Interestingly, there is no consensus in the literature about the required sample size for cluster analysis, and a number of small-scale studies such as ours have identified meaningful natural clusters [19]. Some authors have suggested a minimum sample size of n = 100, while others emphasized the importance of an optimal variable/subject ratio with a 1:10 ratio (1 variable to 10 subjects) as most stringent suggestion [20]. Given the differences observed between the feasibility and replication data sets, we propose that it would be important to proceed to examination of larger-scale samples, ideally in excess of the 1/10 (variable/subject) ratio. Secondly, apart from cluster and factor analysis, it would be important to evaluate the internal consistency of putative natural clusters and to examine the robustness of these clusters using bootstrapping methodologies. These extra steps will extend the investigation of the psychometric properties and robustness of the putative natural TAND clusters. We also acknowledge that the natural clusters were generated using only the TAND Checklist data. There may therefore be other natural clusters that could be identified using different kinds of fine-grain data. However, the purpose of the TAND Checklist was to provide a simple and easy-to-use tool for clinical practice. For this reason, we set out to examine the potential of the TAND Checklist data to generate natural TAND Clusters, given that such a strategy has a far greater potential for larger-scale implementation.

Conclusion

In spite of the highly heterogeneous nature of TAND manifestations, the data-driven strategies used here in search of natural TAND clusters were able to replicate the findings from the feasibility study in a larger sample of children and adults with the pen-and-paper TAND Checklist data collected across seven countries.
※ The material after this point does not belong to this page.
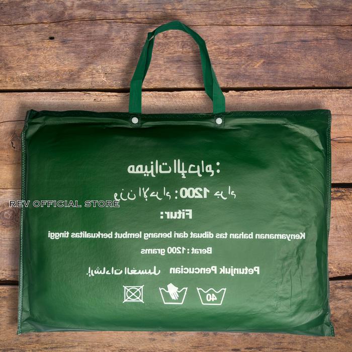| Saran Penggunaan | Gunakan sabuk atau ikat pinggang haji untuk mengencangkan ikatan kain bagian bawah |

The study not only identified several similarities between the findings from the two data sets but also identified key aspects and next steps that will require larger-scale data, replication, and expansion. If these steps could replicate and extend the natural TAND clusters suggested in these preliminary studies, the natural TAND clusters may have the potential to help develop novel approaches to identification and treatment of TAND and may suggest novel data-driven strategies to subgroup individuals with TSC for clinical and research purposes.